Relationship of plasma 3-carboxy-4-methyl-5-propyl-2-furanpropanoic acid concentration with OATP1B activity in patients with chronic kidney disease

Hiroyuki Ono  1 Ryota Tanaka  1 Yosuke Suzuki  2 Ayako Oda  2 Haruki Sato  2 Ryosuke Tatsuta  1 Tadasuke Ando  3 Toshitaka Shin  3 Keiko Ohno  2 Hiroki Itoh  1
Affiliations

Relationship of plasma 3-carboxy-4-methyl-5-propyl-2-furanpropanoic acid concentration with OATP1B activity in patients with chronic kidney disease

Hiroyuki Ono et al. Clin Transl Sci. 2024 Feb.

Abstract

Organic anion-transporting polypeptides (OATP)1B are drug transporters mainly expressed in the sinusoidal membrane. Many studies have suggested that OATP1B activity is affected by genetic factor, the uremic toxin 3-carboxy-4-methyl-5-propyl-2-furanpropanoic acid (CMPF), and inflammatory cytokines, such as tumor necrosis factor-α (TNF-α) and interleukin-6 (IL-6). Coproporphyrin-I (CP-I) is spotlighted as a highly accurate endogenous substrate of OATP1B. We previously reported a positive correlation between plasma CMPF and CP-I concentrations in patients with chronic kidney disease (CKD).
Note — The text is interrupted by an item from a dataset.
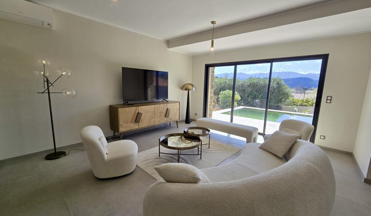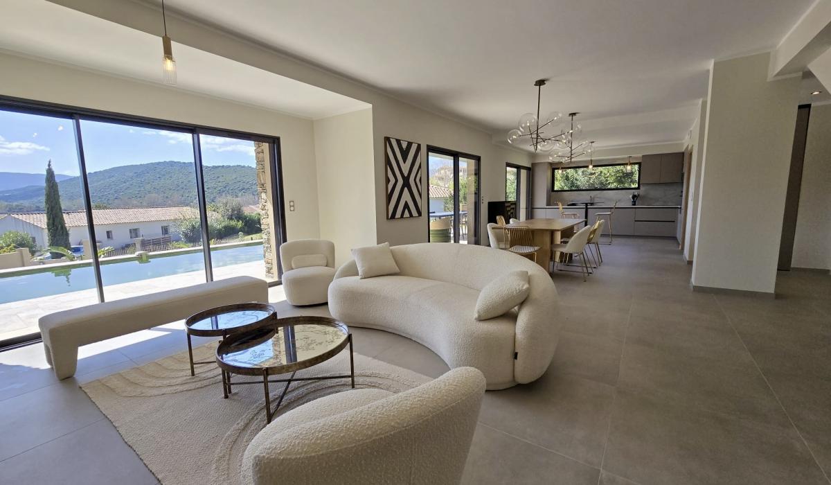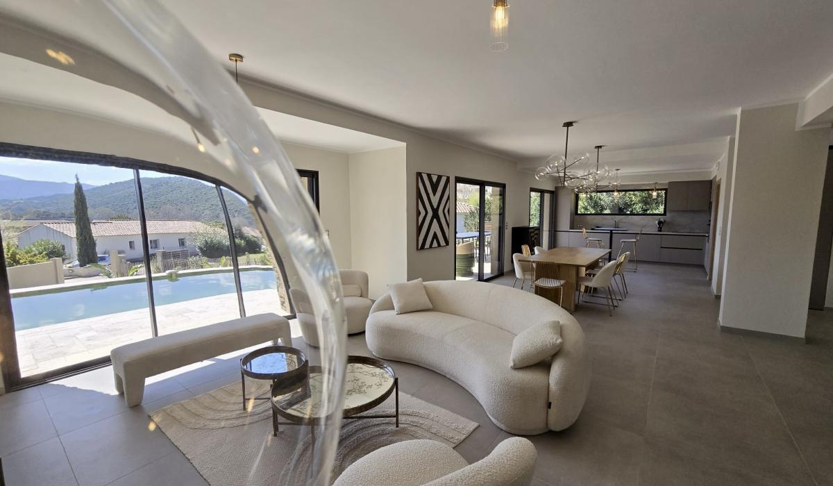 L’espace de vie lumineux s’ouvre sur une belle terrasse et un extérieur aménagé, où vous pourrez profiter d’une piscine privée, idéale pour se détendre en toute tranquillité.

The present study evaluated the impact of genetic polymorphisms, CMPF, IL-6, TNF-α, and estimated glomerular filtration rate (eGFR) on individual differences in OATP1B activity in patients with CKD. Seventy-three patients with CKD who received kidney transplant at least 3 months earlier were analyzed. Plasma CP-I concentration was higher in OATP1B1*15 carriers than in non-carriers. In all patients, CP-I did not correlate significantly with CMPF, IL-6, TNF-α, or eGFR. However, when the dataset was cut off at CMPF concentration of 8 and 7 μg/mL, 4 μg/mL, 3 μg/mL or 2 μg/mL, CMPF correlated positively with CP-I, and correlation coefficient tended to be higher as plasma CMPF concentration was lower. In conclusion, OATP1B1*15 impacted OATP1B activity in patients with CKD, but IL-6 and TNF-α did not. However, the impact of CMPF on OATP1B activity was limited to low CMPF concentrations, and the effect could be saturated at high concentrations. When prescribing an OATP1B substrate drug for patients with CKD, the OATP1B1*15 carrier status and plasma CMPF concentration may need to be considered to decide the dose regimen.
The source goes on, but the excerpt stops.